Decompressive Craniectomy in Traumatic Brain Injury: An Institutional Experience of 131 Cases in Two Years
Author(s) -
Ana Cristina Veiga Silva,
Matheus Araújo de Oliveira Farias,
Luiz Carlos Severo,
Marcelo Moraes Valênça,
Hildo Rocha Cirne de Azevedo Filho
Publication year - 2020
Publication title -
neurotrauma reports
Language(s) - English
Resource type - Journals
ISSN - 2689-288X
DOI - 10.1089/neur.2020.0007
Subject(s) - medicine , glasgow coma scale , decompressive craniectomy , traumatic brain injury , glasgow outcome scale , medical record , intracranial pressure monitoring , intracranial pressure , midline shift , hematoma , surgery , injury severity score , subdural haematoma , retrospective cohort study , injury prevention , poison control , emergency medicine , psychiatry
Decompressive craniectomy (DC) effectively reduces intracranial pressure (ICP), but is not considered to be a first-line procedure. We retrospectively analyzed sociodemographic, clinical, and surgical characteristics associated with the prognosis of patients who underwent DC to treat traumatic intracranial hypertension (ICH) at the Restauração Hospital (HR) in Recife, Brazil between 2015 and 2016, and compared the clinical features with surgical timing and functional outcome at discharge. The data were collected from 131 medical records in the hospital database.
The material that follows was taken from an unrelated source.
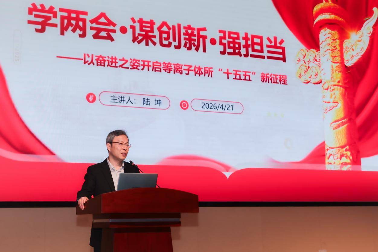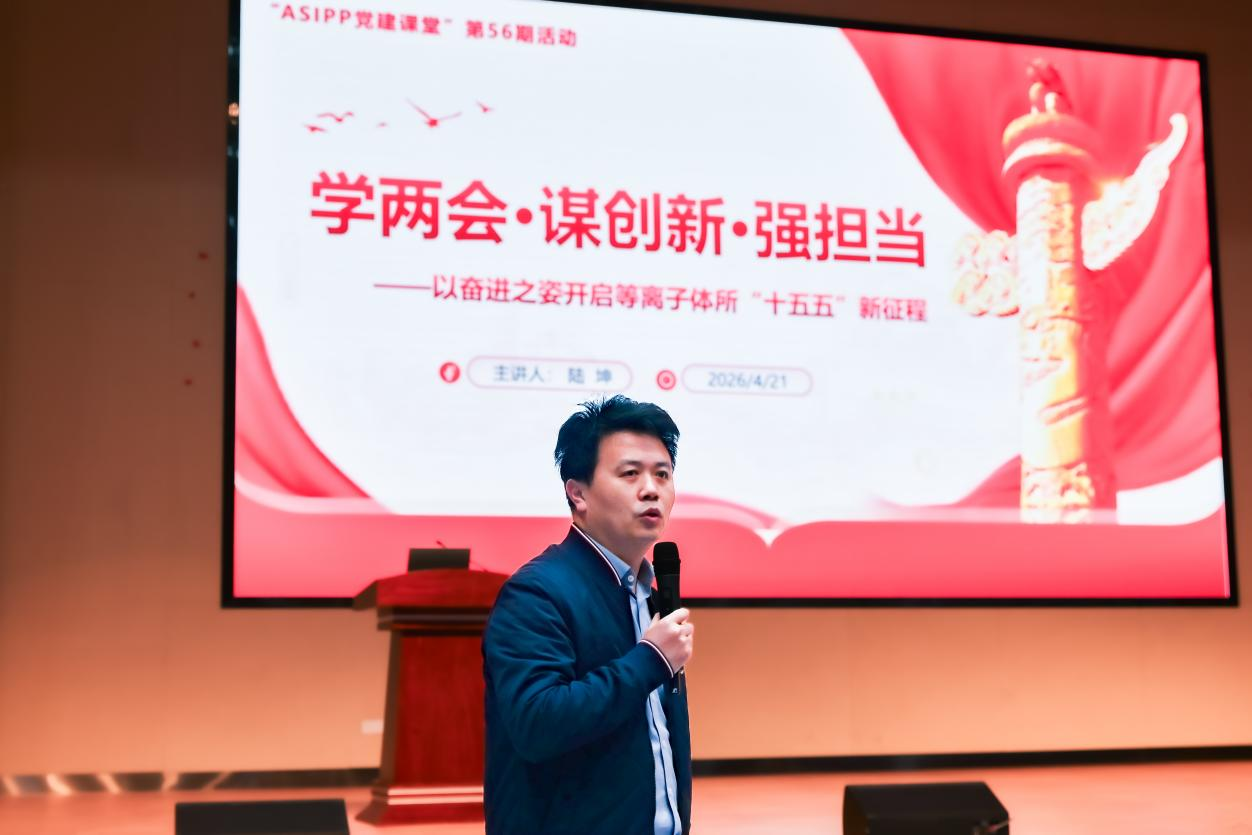 为深入学习贯彻2026年全国两会精神,领会“十五五”规划纲要重点内容,引导广大党员强化使命担当、凝聚奋进力量,4月21日下午,等离子体所举办第五十六期“ASIPP党建课堂”活动。常务副所长、党委委员陆坤以《学两会 谋创新 强担当——以奋进之姿开启等离子体所“十五五”新征程》为题作专题党课,所党委副书记、副所长钱金平主持活动。全所党员、中层领导干部现场参加学习。

A significant majority of the patients were young adults (age 18-39 years old; 75/131; 57.3%) and male (118/131; 90.1%). Road traffic accidents, particularly those involving motorcycles (57/131; 44.5%), were the main cause of the traumatic event. At initial evaluation, 63 patients (48.8%) were classified with severe traumatic brain injury (TBI). Pupil examination showed no abnormalities for 91 patients (71.1%), and acute subdural hematoma was the most frequently observed lesion (83/212; 40%). Glasgow Outcome Scale (GOS) score was used to categorize surgical results and 51 patients (38.9%) had an unfavorable outcome. Only the Glasgow Coma Scale (GCS) score on admission (score of 3-8) was more likely to be associated with unfavorable outcome ( p -value = 0.009), indicating that this variable may be a determinant of mortality and prognostic of poor outcome. Patients who underwent an operation sooner after injury, despite having a worse condition on admission, presented with clinical results that were similar to those of patients who underwent surgery 12 h after hospital admission. These results emphasize the importance of early DC for management of severe TBI. This study shows that DC is a common procedure used to manage TBI patients at HR.